B+ : solid, small novel of the lingering horror of World War II

See our review for fuller assessment.




The complete review's Review:

       The Stone Bridal Bed is set in Dresden, in the late fall of 1956. Even then it is still a city of ruins, the devastation of World War II and the fiery raids still visible at every turn in the disfigured city.
       The central character is Norman Corinth, a dentist from Baltimore who is invited to attend a convention in East Germany. It is an invitation he can not refuse -- not for professional reasons (the convention does not interest him in the least) but because it brings back memories of his own actions just over a decade earlier. He can honestly tell his hosts that he has never set foot in Germany, but Dresden is more familiar than he would like to admit.
       The tensions in the novel are not just between past and present, guilt and innocence -- indeed, initially it is the contrast between this very foreign communist world and Corinth's America that appears to be the focus of the novel. Corinth's presence is a propaganda coup for the organizers, albeit a double-edged one: Corinth's actions -- whether he leaves the opening ceremonies early, or how actively he participates in events -- are all blown far out of proportion, ascribed special significance because of what he represents (as the visitor from capitalist America). Corinth himself is concerned with the possible consequences back home of this ill-advised trip. Joe McCarthy may have been defeated by then, but anti-Red sentiment was still wide-spread in the United States of the time (though perhaps not in quite the way Mulisch imagines). Certainly, venturing across the Iron Curtain makes him a suspect figure.
       The present -- 1956 -- and the split world-order of the day are inescapable, but in Dresden the scars of the past are even more dominant. No one can forget what happened here, whether in the nearby concentration camps or with the Allied bombing that practically wiped out the city. Each character has some connection to these horrors. More significantly, culpability and innocence prove not to be clearly black and white.
       One German character was drafted to fight in the closing days of the war, along with other thirteen and fourteen year olds -- and even met Hitler. Others also live with shady pasts, some more easily than others. Corinth, too, must come to terms with his actions from that time, and he dredges up the old memories on his stay, trying to make sense of them.
       Mulisch handles all this quite well, from Corinth's aimless exploration of the city (a ruin in which one inevitably gets lost) to his final acceptance of his actions. The Germans are sympathetically -- or at least humanly -- portrayed, without excusing their actions, either during the war or in that communist time.

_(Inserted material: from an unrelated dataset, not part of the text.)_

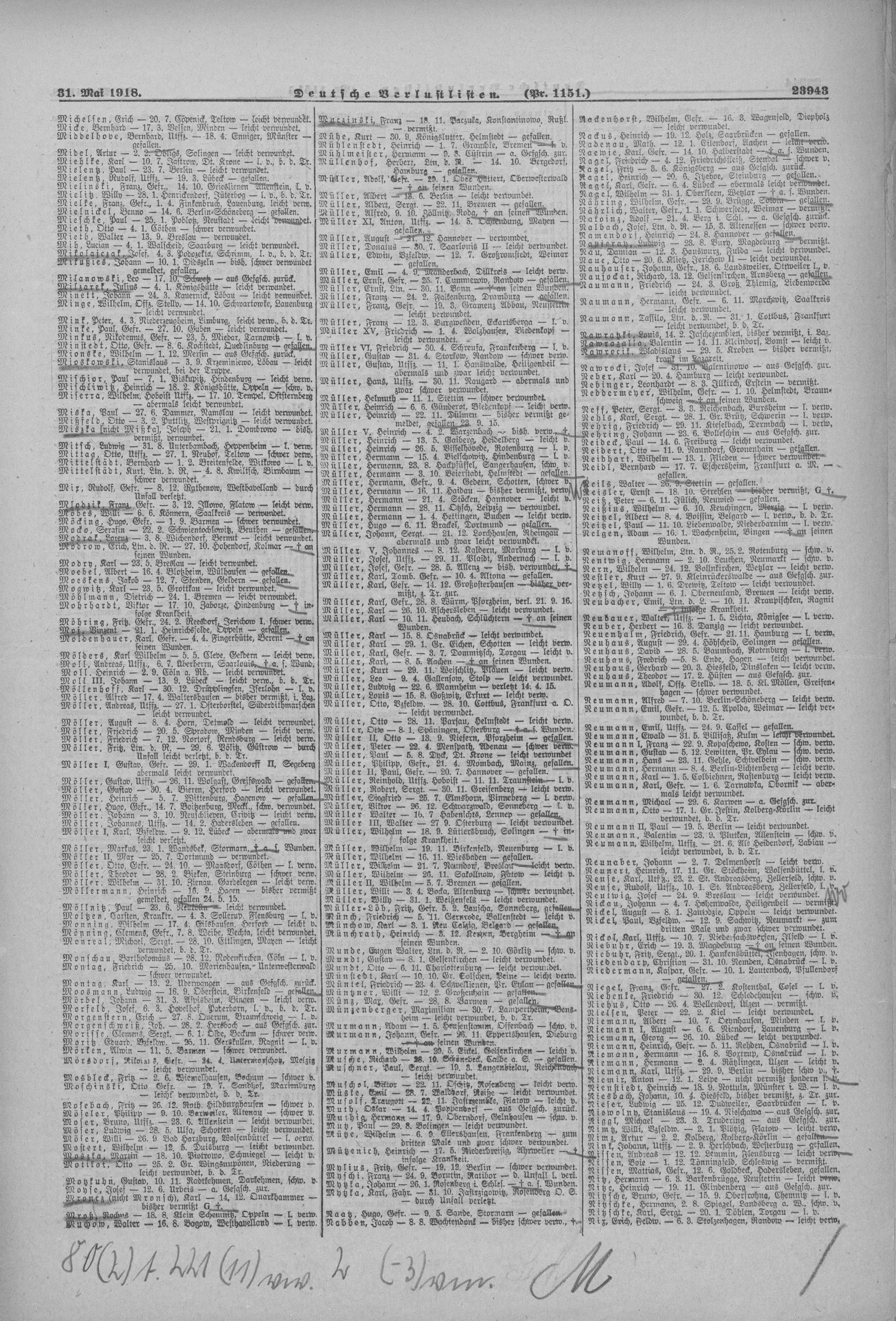 Verlustlisten 1. Weltkrieg, page 23943: Neubacher Emil (Kraupischken, Ragnit) Verlustlisten 1. Weltkrieg

       Mulisch visited Dresden in 1956, and so writes from some personal experience. It is an interesting contrast to some of the works written immediately after the fall of Germany (by Stig Dagerman, Peter Weiss, Wolfgang Borchert, and others), and Mulisch uses the eery scene of still-devastated Dresden very effectively.

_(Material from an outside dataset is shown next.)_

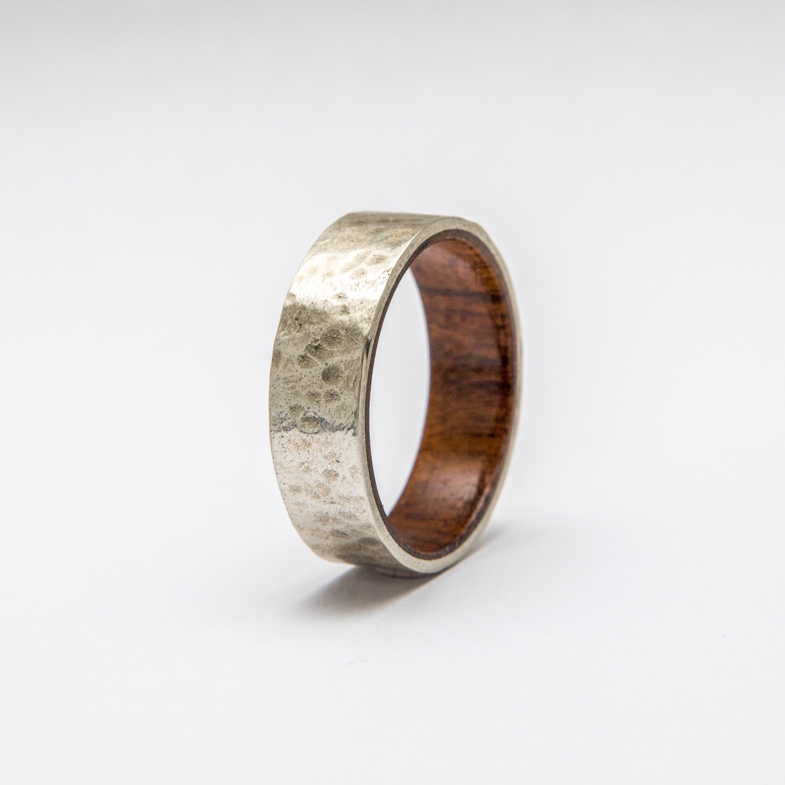 Beautifully hand crafted Hammered Silver sleeve with a Tambotie wood inside layer

       Stylistically the book is also interesting, with Mulisch employing a variety of approaches. Corinth's struggle with himself and his memory is particularly effectively presented. Corinth has a theory of history -- that there are two types of it, the canonical and the apocryphal, an example being that the war against Hitler was canonical, while Hitler's war was apocryphal. Mulisch presents both sides of history here, making for a story that considers difficult questions of morality without resorting to overly-simplified solutions. Corinth ventures into the heart of enemy territory, but he understands his contribution to the world that has been divided in these ways.
       The Stone Bridal Bed is an ambitious five-act drama, and largely a very effective one. Mulisch does not display quite the narrative command he will in later works, but it is still a self-assured and worthwhile effort.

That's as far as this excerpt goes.